Today, Alan Kohler has taken a similar position, arguing that “a recession we don’t have to have is coming, and it will be the RBA’s fault”:

As we end one financial year and start another, it looks impossible to avoid a recession…

The RBA has spent 18 months all but promising to leave the cash rate at 0.1 per cent until 2024. Governor Philip Lowe even talked about the historic opportunity to see how low we could get unemployment.

He’s now protesting that the promise was conditional, but as you’d expect borrowers ignored the conditions – if they even heard them – and borrowed anyway…

Both the Federal Reserve and the RBA have turned on a sixpence, from smiling benignly and welcoming a bit more inflation to sprouting horns and talking about raising interest rates rapidly…
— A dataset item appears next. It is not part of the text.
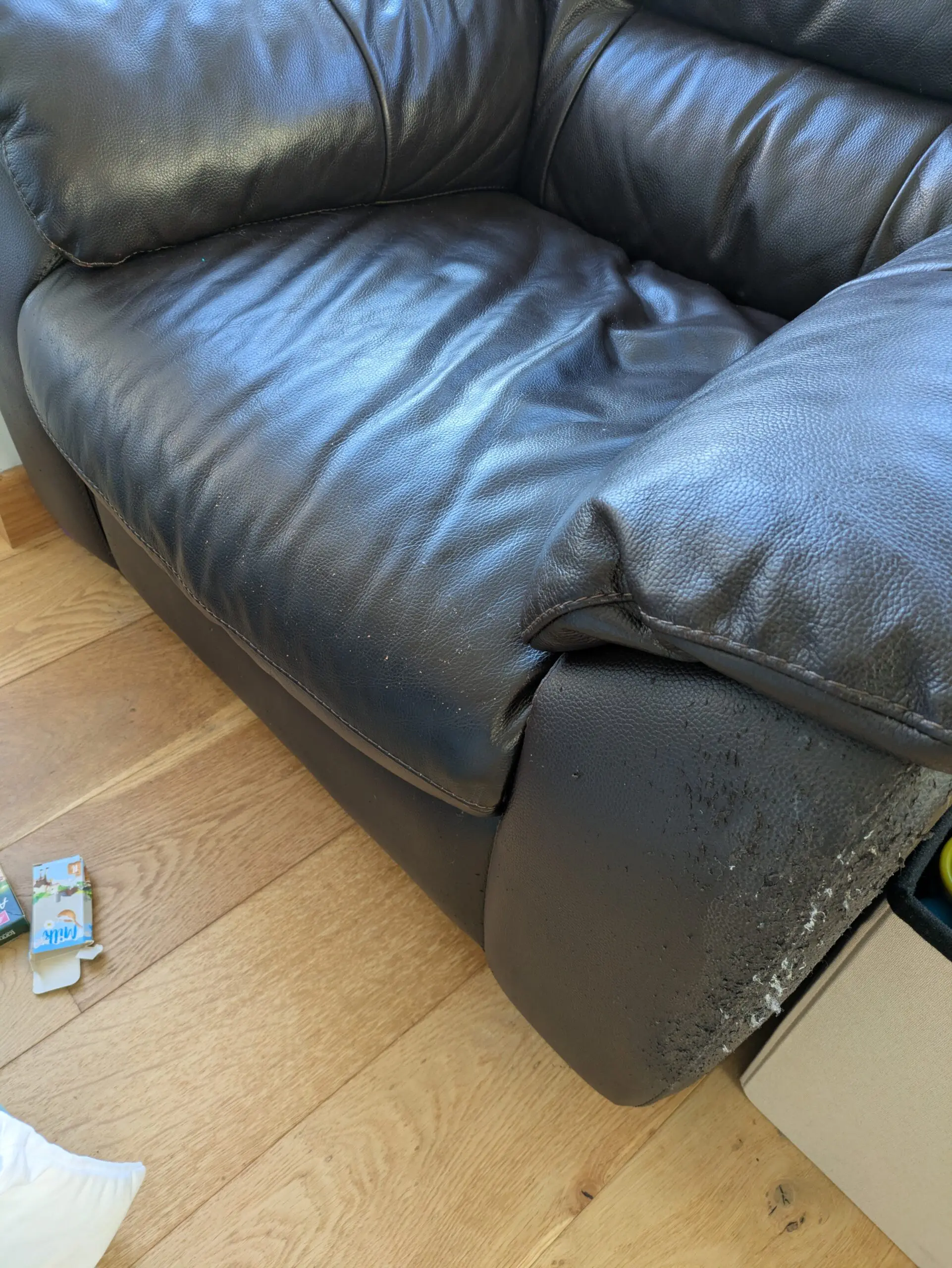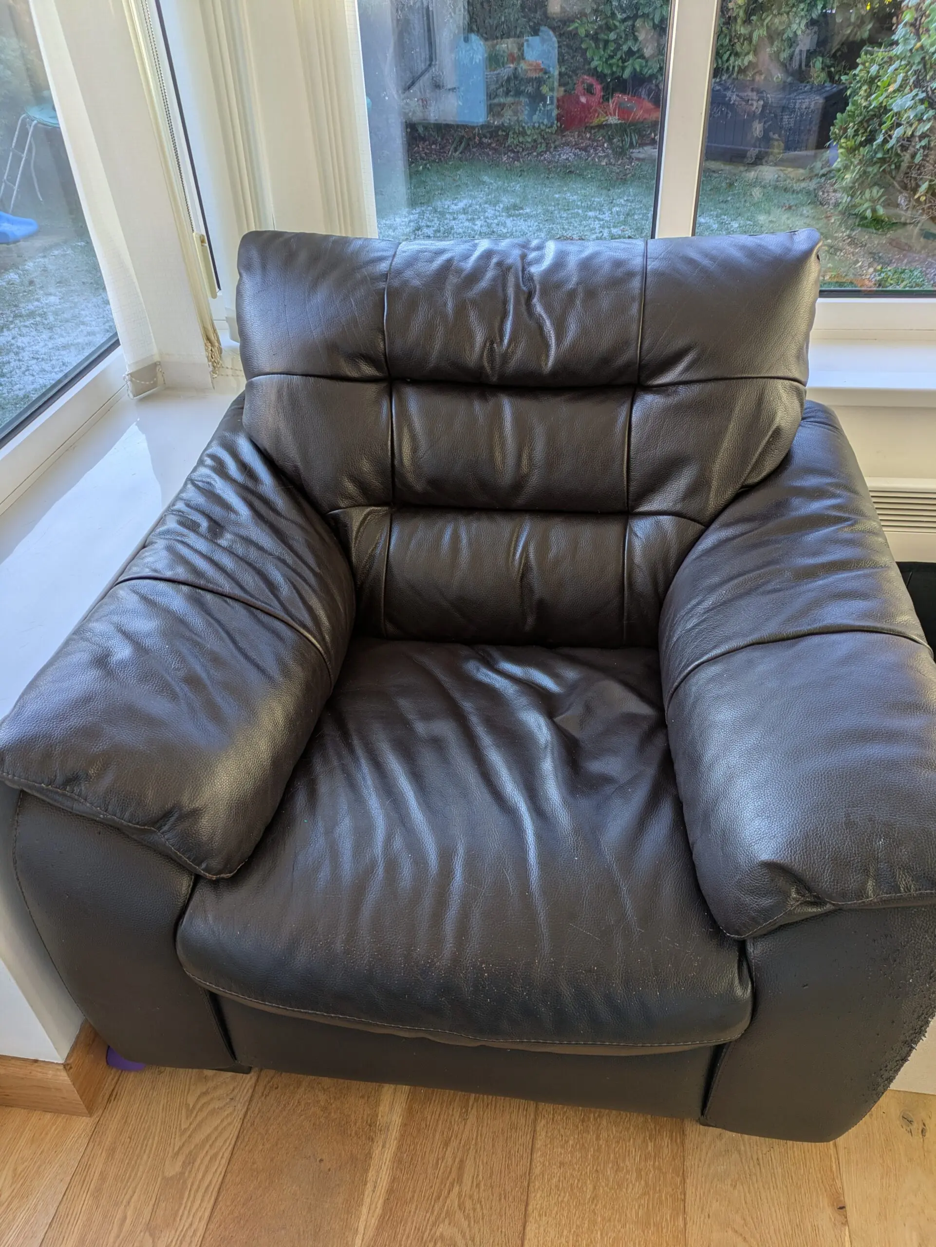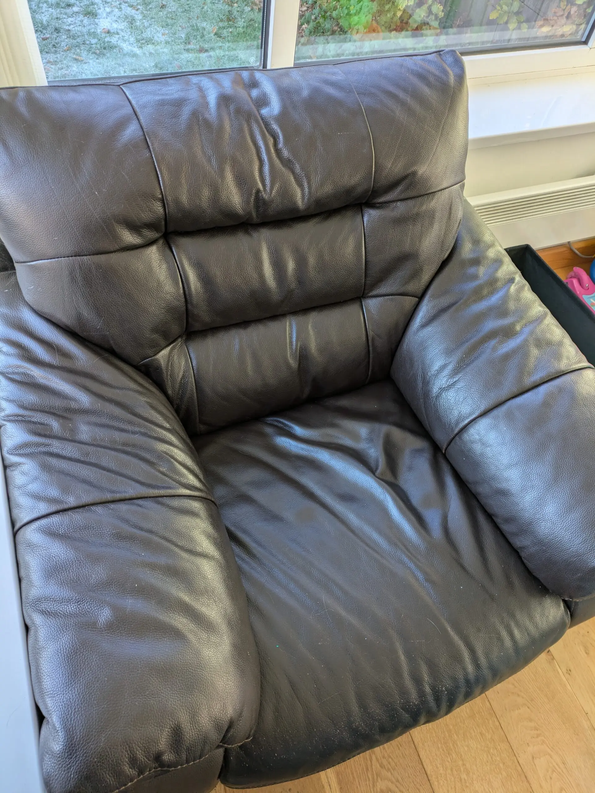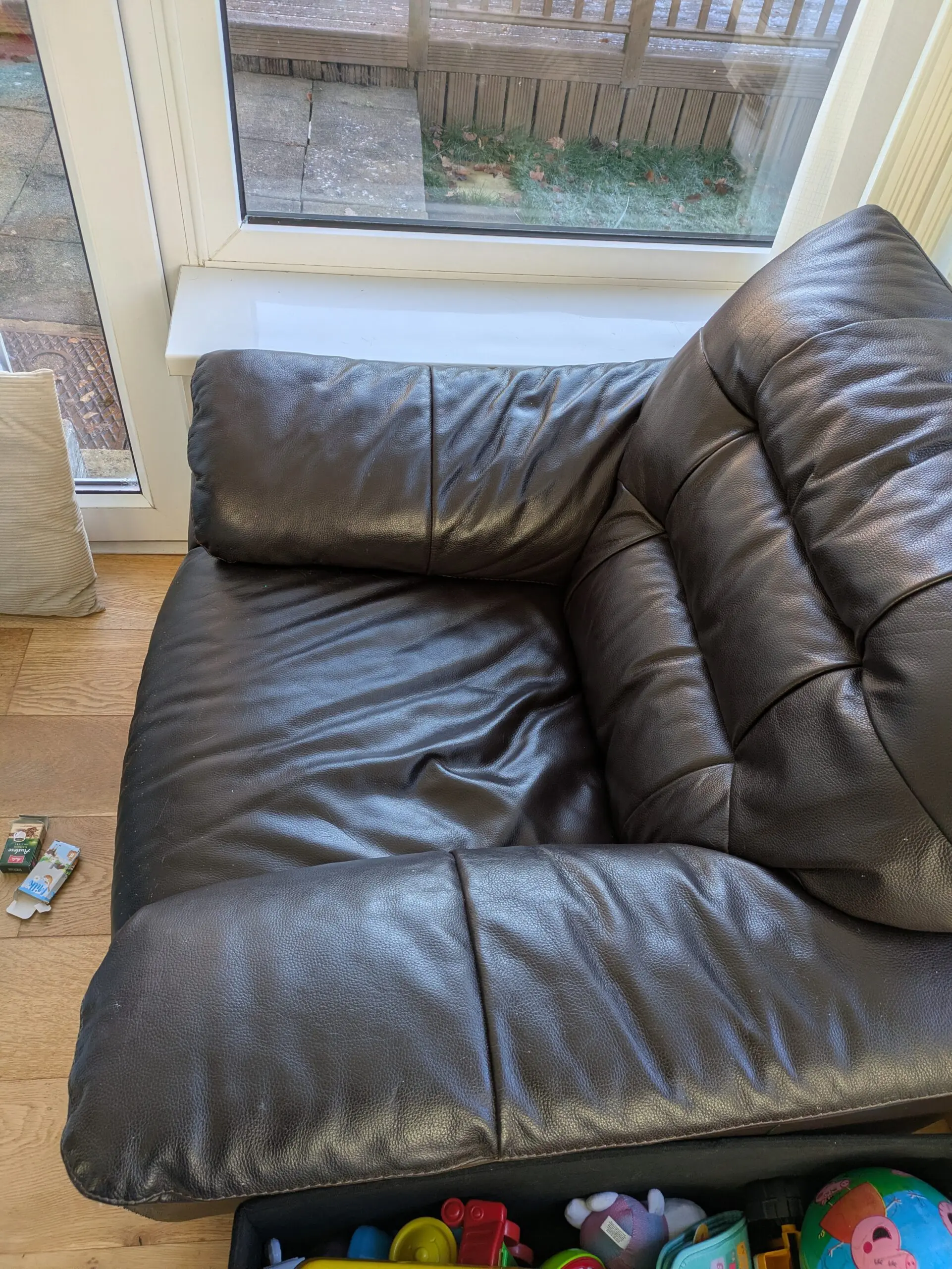 Real leather, single sofa seat. Extremely comfortable. Few cat scratches.

Australia’s credit build-up, with a 20+ per cent rise in house prices last year, has been bigger than just about anywhere else, at least partly because of the RBA’s “promise” not to raise interest rates until 2024.

In the circumstances a hard landing – recession – seems inevitable…

Yes, interest rates need to be brought back to something approaching normal, but slowly, and accompanied by much gentler rhetoric.

If there’s a recession, as seems inevitable, it’ll be one we didn’t have to have and it will be all the RBA’s fault.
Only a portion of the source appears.